I am using TensorRT 10.13.2, cuda 11.4

code-cp · September 7, 2025, 5:42am

is there a way to disable the warmup step to make inference faster?

There are also the find and load steps in flamegraph that I am not sure whether can be eliminated

code-cp · September 7, 2025, 5:51am

Is it possible that somehow when running yolo tensorrt on jetson, it falls back to cpu, instead of using cuda? I have checked that my pytorch has cuda available, so I don’t know how to check whether tensorrt is using cpu or cuda

Toxite · September 7, 2025, 6:02am

The first inference would always be slow. Did you try testing multiple inference? Also you’re passing a JPG file which will also slow down inference. You should be testing with a loaded image.

code-cp · September 7, 2025, 6:04am

I tried testing multiple inference, subsequent inference is faster than first time, but still takes 600ms, (first time takes 1s)

in my test, I am using loaded numpy image, instead of jpeg, that’s only used for illustrative purpose

code-cp · September 7, 2025, 6:05am

if i write my own tensorrt python api to handle preprocessing and postprocessing, will it be faster than using ultralytics to handle tensorrt model?

Toxite · September 7, 2025, 6:07am

Maybe slightly

Toxite · September 7, 2025, 6:14am

Did you try exporting like this:

yolo_model = "yoloe-11s-seg.pt"
model = YOLOE("yoloe-11s.yaml").load(yolo_model)

# Define visual prompts using bounding boxes and their corresponding class IDs.
# Each box highlights an example of the object you want the model to detect.
visual_prompts = dict(
    bboxes=np.array(
        [
            [221.52, 405.8, 344.98, 857.54],  # Box enclosing person
            [120, 425, 160, 445],  # Box enclosing glasses
        ],
    ),
    cls=np.array(
        [
            0,  # ID to be assigned for person
            1,  # ID to be assigned for glassses
        ]
    ),
)

# Run inference on an image, using the provided visual prompts as guidance
results = model.predict(
    "ultralytics/assets/bus.jpg",
    visual_prompts=visual_prompts,
    predictor=YOLOEVPDetectPredictor,
)

exported_path = model.export(
    format="engine",
    int8=True,
)

code-cp · September 7, 2025, 6:15am

I never tried to use yoloe-11s.yaml, will it make inference faster?

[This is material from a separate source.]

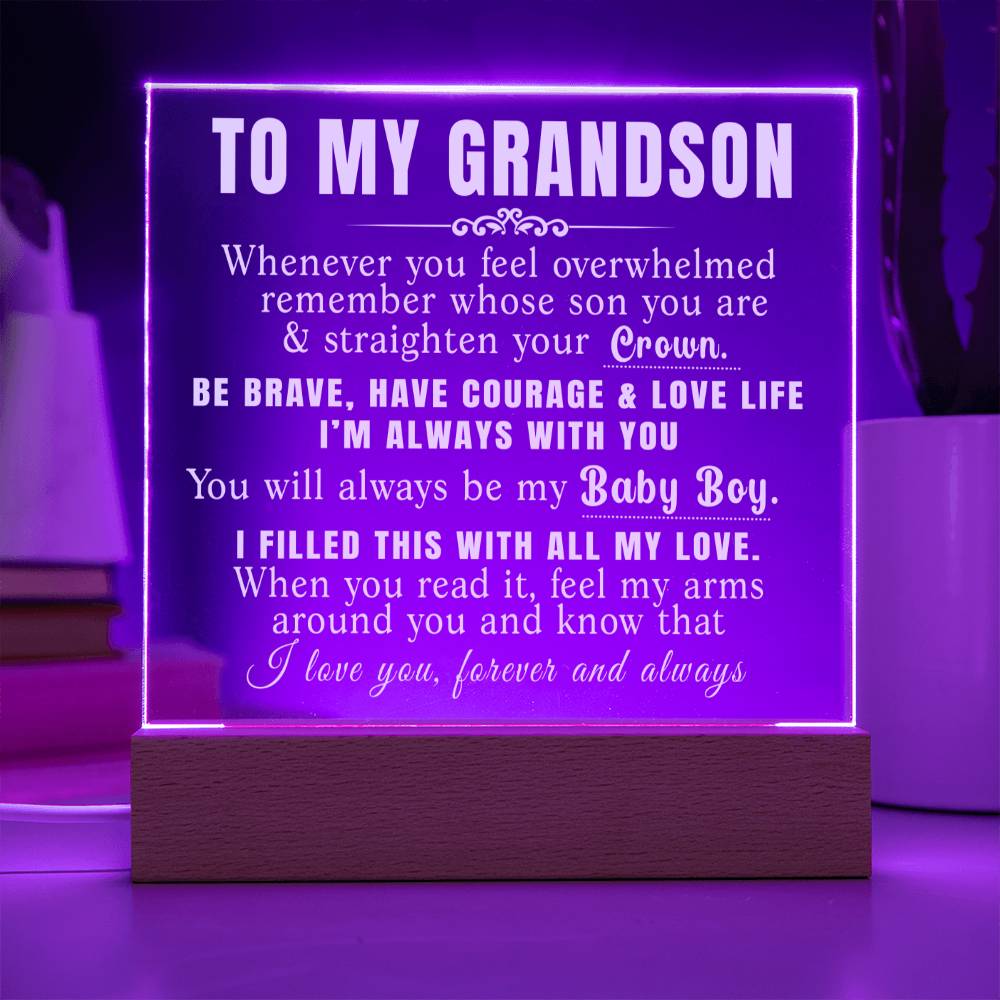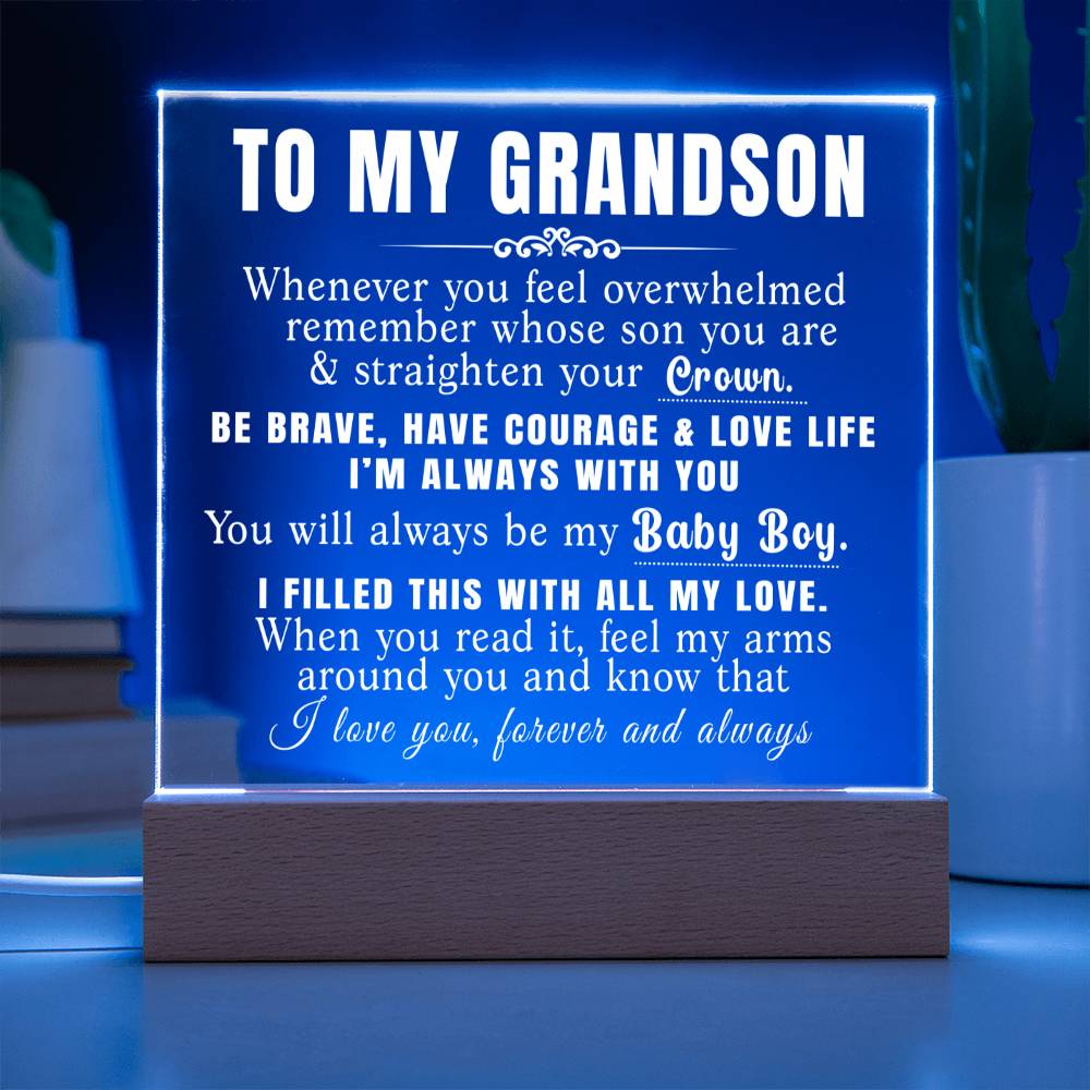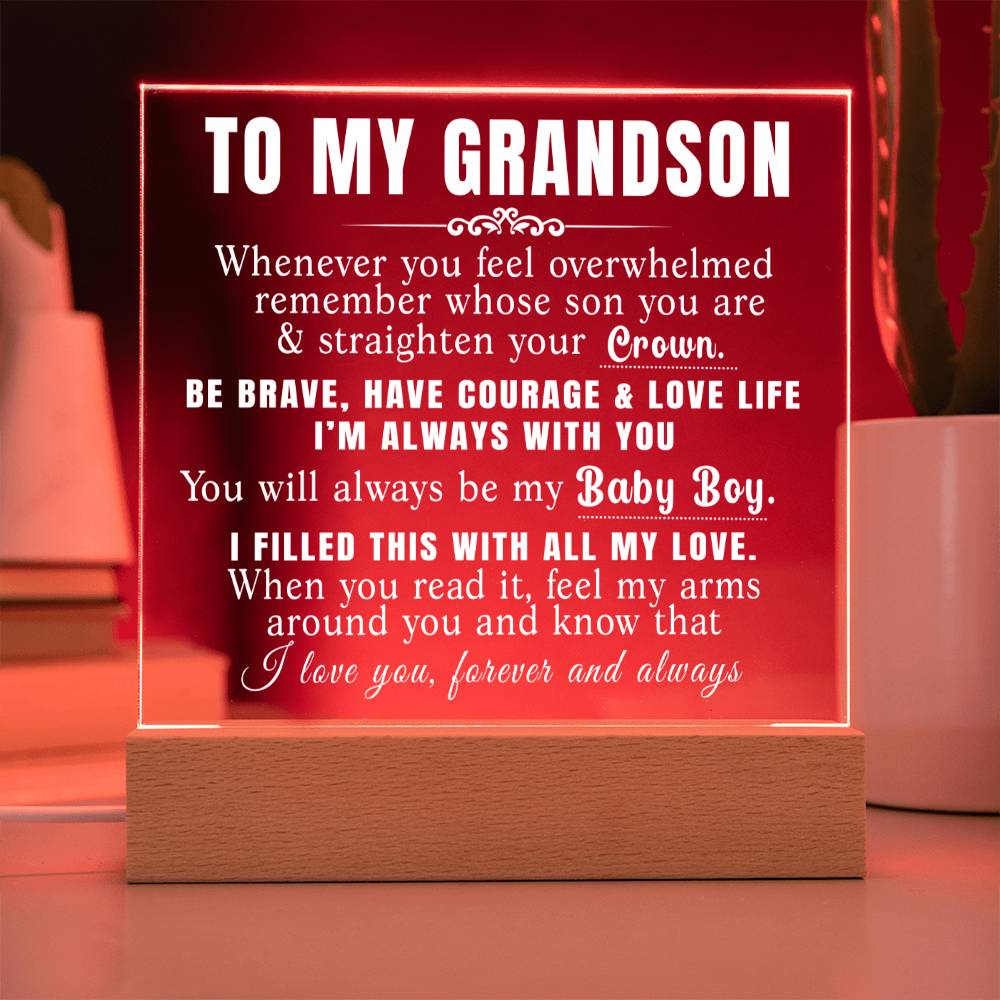 This personalized acrylic plaque is a perfect gift your Grandson can treasure forever.

I tried YOLOEVPDetectPredictor, the result is too bad (bounding box in wrong places even with FP32), so I have to use segmentation head

Toxite · September 7, 2025, 6:17am

Yes. YOLOEDetectPredictor is used only when you convert the segmentation model to detection model like showed.

Toxite · September 7, 2025, 6:18am

Even on an old 2 core CPU, I get less than 50ms inference speed.

image 1/2 /teamspace/studios/this_studio/ultralytics/ultralytics/assets/bus.jpg: 640x640 3 object0s, 45.1ms
image 2/2 /teamspace/studios/this_studio/ultralytics/ultralytics/assets/zidane.jpg: 640x640 2 object0s, 37.6ms
Speed: 2.1ms preprocess, 41.3ms inference, 1.2ms postprocess per image at shape (1, 3, 640, 640)

So I don’t understand how you are getting 600ms.

Toxite · September 7, 2025, 6:19am

Can you post Ultralytics verbose logs from your inference? Maybe your postprocessing is taking a long time.

code-cp · September 7, 2025, 6:21am

For my case the tensorrt log shows the inference time is 14ms, but on the flamegraph, the forward in engine/model.py takes ~200ms, I am not able to show the entire flamegraph due to privacy issues

[09/02/2025-09:51:49] [TRT] [I] Loaded engine size: 11 MiB
[09/02/2025-09:51:50] [TRT] [I] [MemUsageChange] Init cuBLAS/cuBLASLt: CPU +534, GPU +509, now: CPU 1100, GPU 9107 (MiB)
[09/02/2025-09:51:50] [TRT] [I] [MemUsageChange] Init cuDNN: CPU +83, GPU +75, now: CPU 1183, GPU 9182 (MiB)
[09/02/2025-09:51:50] [TRT] [I] [MemUsageChange] TensorRT-managed allocation in engine deserialization: CPU +0, GPU +10, now: CPU 0, GPU 10 (MiB)
[09/02/2025-09:51:50] [TRT] [I] [MemUsageChange] Init cuBLAS/cuBLASLt: CPU +0, GPU +0, now: CPU 1172, GPU 9173 (MiB)
[09/02/2025-09:51:50] [TRT] [I] [MemUsageChange] Init cuDNN: CPU +0, GPU +0, now: CPU 1172, GPU 9173 (MiB)
[09/02/2025-09:51:50] [TRT] [I] [MemUsageChange] TensorRT-managed allocation in IExecutionContext creation: CPU +0, GPU +14, now: CPU 0, GPU 24 (MiB)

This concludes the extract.